The vitriol of this overly drawn image is palpable. Having centered their conception of the church upon the maintenance of dogmatic content, it is not only alternate content which must be feared and hated, but the purveyors of such content. Simply, in order to maintain the credibility of its own presbyter-bishops, the author(s) of the Pastorals must posit a category of corrupt teachers, whose “counterfeit faith” directs them to poison the faith of the truly faithful remnant. Their dogmatic rigidity necessitates the creation of an absolutely corrupt “other.”
* * *
In distinction to this rigorous dogmatism, the Johannine church represents a charismatic alternative. Where the pastorals posit a “deposit of faith,” John posits a living Word—not only in the form of the incarnated logos (Christ), but also in the Christian community itself. The static dogmatism of true teaching is overturned by the mobile generative power of the “living water,” and here emerges the possibility of a truly radical egalitarianism. For, “out of the believer’s heart shall flow rivers of living water” (John 7.38). Where the pastorals ground their community within the content of a dogmatic truth, a determinable fact, whose clear center makes variance easily identifiable, the Johannine community founds itself in a Spirit. This Spirit is certainly felt, it is present, it speaks, but it does not speak in the univocal voice of rigid dogmatism. Rather, this Paraclete-Spirit nudges and suggests, it is a weak force (as John Caputo might call it), it is not itself a determined fact or set of facts, but rather an event which creates without precedence, an unexpected voice which calls for a response, in no way predetermining the form or content of that response. In the language of Gilles Deleuze, the Paraclete-Spirit is an Idea. But not an Idea in the naïve platonic sense—an original which must be merely copied—but an Idea which inaugurates a creative space, which determines a problem for which there is no clear solution.

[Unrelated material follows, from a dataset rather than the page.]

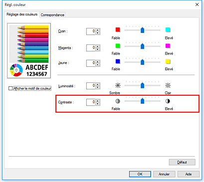 La boîte de dialogue Régl. couleur... s'affiche.Réglez le contraste
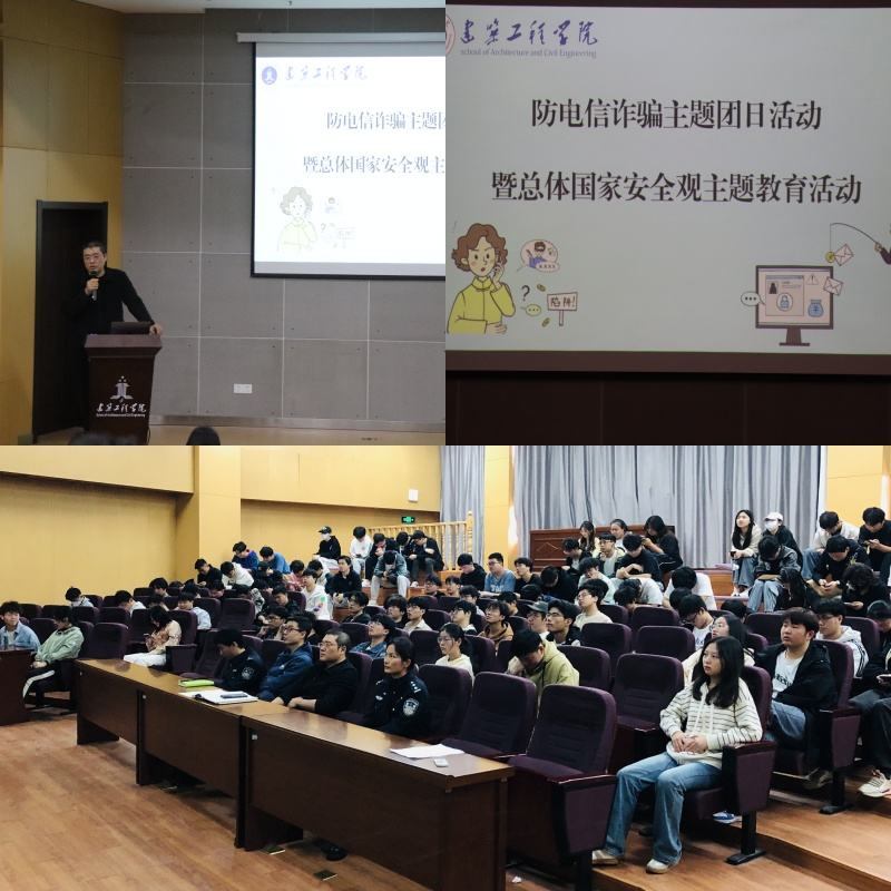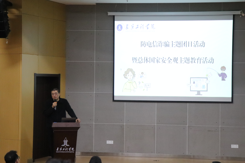 为进一步落实落细“三抓”工作教育,提升全体师生总体国家安全观教育,高质量开展防范电信诈骗活动。4月10日,建筑工程学院在C座3楼报告厅开展防电信诈骗主题团日活动暨总体国家安全观主题教育活动,城东派出所民警汪家丽、李有文,院党委副书记、纪委书记张礼波、保卫处赵荣俊、院团委负责人、辅导员及各年级各专业各班级全体寝室长参加活动。

This centering of the Johannine community upon the mobility and plasticity of Spirit, rather than the rigidity of static doctrine can be immediately felt in the non-hierarchical egalitarian character of the fourth gospel. To once again borrow a phrase from Deleuze, the Johannine community offers a “crowned anarchy” where the pastorals offer a hierarchical rigidity. This non- (if not anti-) hierarchical perspective can be highlighted in a few different repects. First, as Raymond Brown emphasizes, one finds the language of the kingdom or rule (basileia) of God significantly diminished in the fourth gospel, “if Jesus and the Father are one, the rule of God is most perfectly made a reality in Jesus. Instead of entering the kingdom of God as a place, one needs to inhere in Jesus to be part of the community” (Brown, 87). Second, the fourth gospel tends to downplay the institution of the sacraments. In the last supper, for instance, there is no institution of the Eucharist, rather, there the washing of the disciples feet is instead emphasized. Third, the role or prominence of the twelve is severely downplayed, in their place, John leaves the “beloved disciple,” who reclines on Jesus’ breast during the last supper, and who is given Jesus’ mother to watch at the cross (see: Jn 13.23-25, 19.26-27, 20.1-10, 21.20-25). This ambiguous character appears, on the one hand, to describe an actual historical figure (likely John), and on the other, a model of authentic discipleship. The beloved disciple is a Johannine “every(wo)man.” Forth, and this is quite remarkable, the Johannine community appears radically egalitarian regarding gender roles. Contrary to above, where women are portrayed as “silly” and gullible, John portrays women in pivotal roles throughout Jesus’ ministry and the early church. Again citing Brown, “The Samaritan woman, Martha, and Mary are characters absolutely equal in importance to the blind man and Lazarus. In the portrayal of major male and female believers there is no difference of intelligence, vividness, or response” (Brown, 94). More radically, it is Martha who offers the first full affirmation of Jesus’ identity (“You are the Christ, the Son of God,” John 11.27), following the incomplete titles of the other disciples, (e.g. “prophet”). It is also worth noting that this affirmation is attributed to Peter in the synoptics.
* * *
The political ramifications of this alternative construal of a radically egalitarian community are essential to the construction of a democratic society. What the comparison of the Pastoral and the Johannine communities show us, is that the ideological center of a community and its functional structure cannot be isolate from each other. Where a society is grounded upon rigid affirmation of dogmatic truths, be those religious, philosophical, or political, the social structure will necessarily take on a repressive form. Difference, creativity, and exploration are all facets of a community which threaten the stability of a hierarchical-dogmatic structure, and must therefore be branded as “counterfeit” and eradicated. Simply, where ideological conformity is demanded, repression will be necessitated. Against this dogmatism, the Johannine community offers the model of a community which forgoes concrete dogmatisms for the fluidity of the Spirit and emphasis upon the plasticity of relation. This movement from a concrete to a fluid center is mirrored by a parallel reduction in repression. Egalitarianism presupposes fluidity. Where emphasis is taken off of abstract dogmatism and placed on the living community, the structural hierarchy withers (the kingdom language wanes, the twelve are de-emphasized and replaced with an “every(wo)man”), priority is granted to ethics over ritual (the washing of feet, over Eucharist), and oppressive social structures (e.g. gender norms) are set aside. It is these factors which constitutes the truly radical egalitarian political potential of the Johannine community.
* * *
*Raymond Brown, The Churches the Apostles Left Behind (New York: Paulist Press, 1984).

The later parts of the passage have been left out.